With the continuous advancement and popularization of autonomous driving technology, more and more vehicles with autonomous driving technology will appear on the road, and the service objects of road markings will gradually transition from drivers to autonomous vehicles.On the one hand, the method of road markings condition assessment requires a lot of manpower to inspect, measure and evaluate; on the other hand, the evaluation index is based on biological vision research, which does not conform to the characteristics of automatic driving vehicles based on machine vision. To solve the above problems, this paper proposed a method of road markings condition assessment for autonomous vehicles. First, PSNR(peak signal-to-noise ratio) was initially determined as the evaluation index by means of literature review, analogical reasoning and logical reasoning.

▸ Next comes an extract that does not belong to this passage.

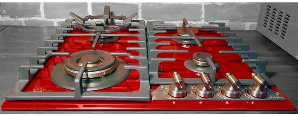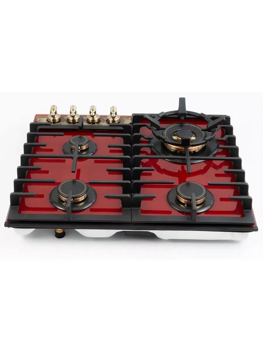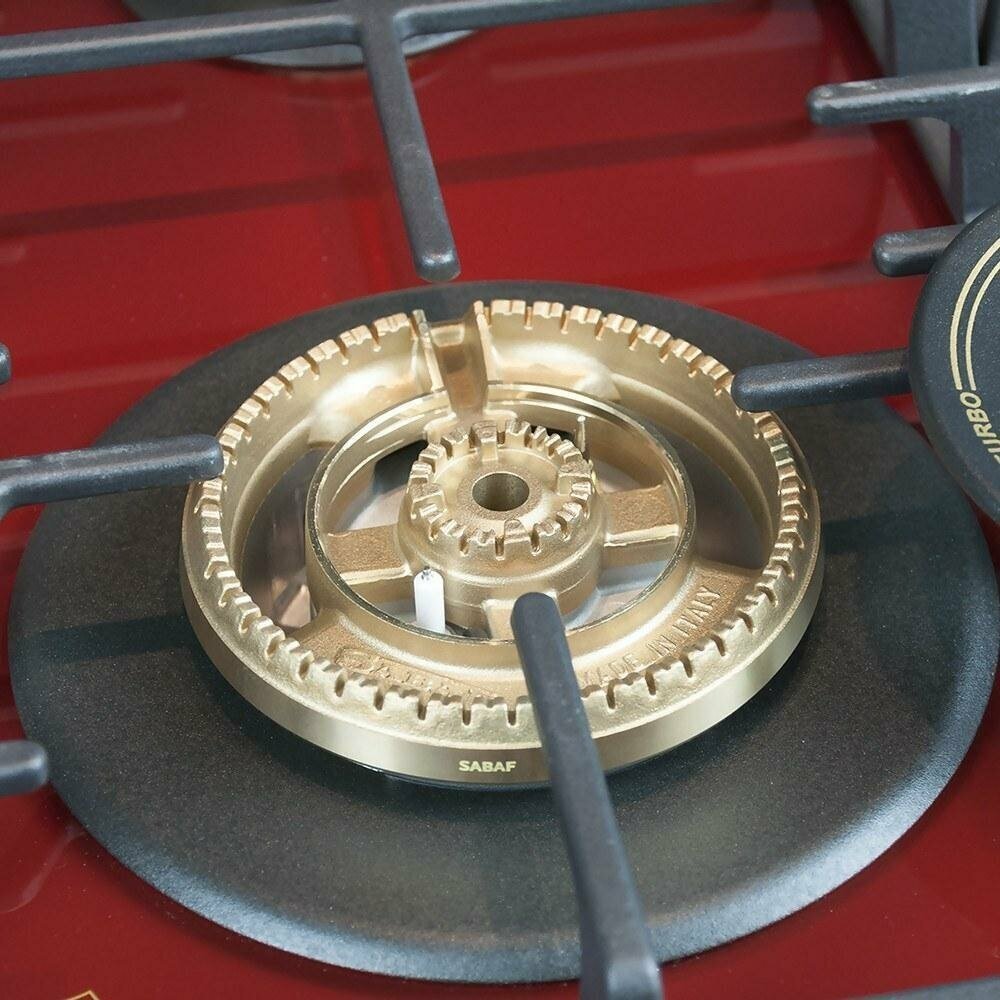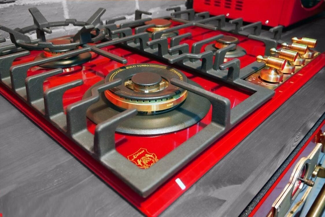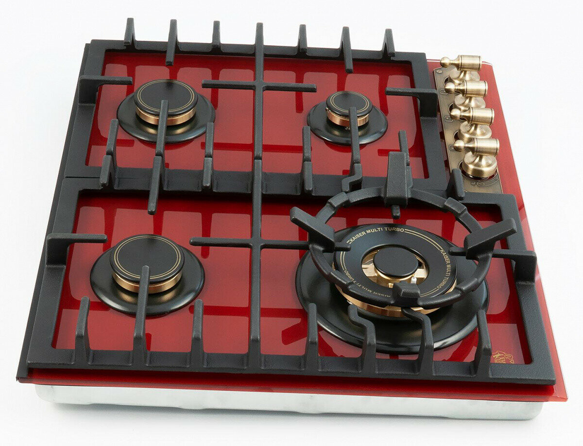 Газовая варочная панель Kaiser KCG 6335 RotEm Turbo из серии газ на стекле. Четыре конфорки с чугунными крышками украшены графикой. Одна из горелок - трехрядная турбоконфорка мощностью 3,8 кВт, одна экономичная и две стандартные. Сбоку - управления с четырьмя ручками «под бронзу».

Secondly, to quickly obtain PSNR, this paper proposes a calculation method of the PSNR based on image inpainting, which utilizes the DeblurGAN model restores the damaged road markings at the image level, and then uses the damaged and restored road markings images to calculate the PSNR. In addition, this paper proposed a data augmentation method that can realis-tically synthesize damaged road markings images to improve the performance of image inpainting models. Then, the AlexNet network was used as the benchmark model to design experiments to study the relationship between the PSNR and the recognition accuracy of road markings. The experimental results show that, compared with the calculation method of the PSNR based on the artificially restored image, the average PSNR obtained by the method proposed in this paper only differs by about 2.24%, but the acquisition speed is increased by about 418 times; when the average PSNR differs by about 43.66%, the average recognition accuracy differs by about 36.27%. Therefore, the PSNR can measure the use of road markings. Compared with the evaluation method of the current standard, the evaluation method proposed in this paper improves the work efficiency by about 6.5 times and consumes less manpower. And it is more in line with the characteristics of self-driving cars, but the evaluation methods are more detailed in the specification.